Chevalier brought up a very solid point and I concur.
Much of what I recall fondly from ASPD was from when I first joined and that happened in another city where the "civility" was already on the downhill side and where I first learned that a client jealous of a provider seeing and actually liking another client way more than he could lead to the jealous client outing him to his employee. YIKES!
But the names of the providers I met and some I grew to know a bit always brings a nice smile to my face.
As mentioned, as the Internet became the place to try and be safer when seeing providers and the providers tried to escape the streets and hard copy Observer type papers, many factors went into the growth and the ensuing troubles.

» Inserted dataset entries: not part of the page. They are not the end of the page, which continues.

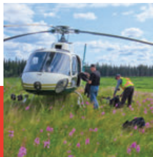
Accessing Remote Locations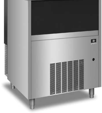
Model RNS-0244A Nugget Ice Machine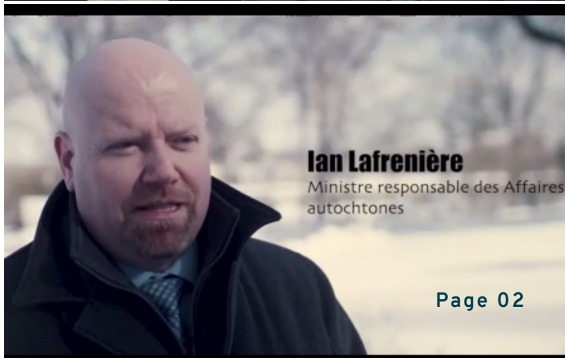
Ian Lafrenière Ministre responsable des Affaires autochtones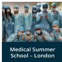
Medical Summer School - London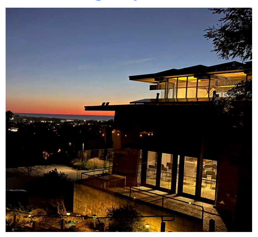
A View From the UUFSD Palmer Library

Published by the Unitarian Universalist Fellowship of San Dieguito in order to promote love, growth, and right relations both locally and globally.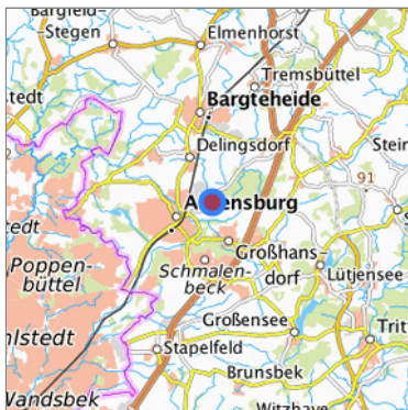
Location in the requested region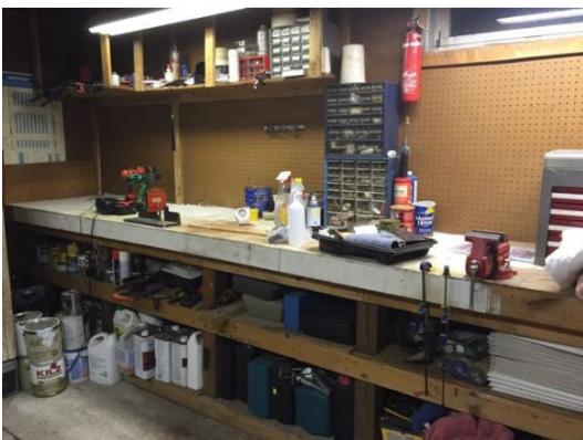
Large Bench in Workshop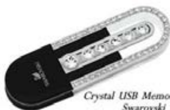
Crystal USB Memory Stick Swarovski Price ₹ 5670

A website of the size of ASPD and now ECCIE that depends strictly on volunteer staff to keep things in check is unheard of. Staff typically chooses to try and help by giving up some of their spare hours in a given week but at the same time they have their own real lives and their own hobbies here and other places and so the total time any given volunteer can devote instead of paid workers pales in comparison.
Would ASPD having paid staff members with scheduled hours and accountability to the owner (IF Amber would have been able to pay attention?) made a difference?
I'm guessing yes.
The complaint made above about the inmates running the asylum could have been addressed if the volunteers had been paid workers who did the mod tasks as a job and even if done on a basis where certain types of work paid differently, an incentive system surely would have helped slow down and maybe stop the collapse of ASPD.
I'm going to go and relax and have a cold one before bed. Hope everyone sleeps well and has great plans for this coming weekend!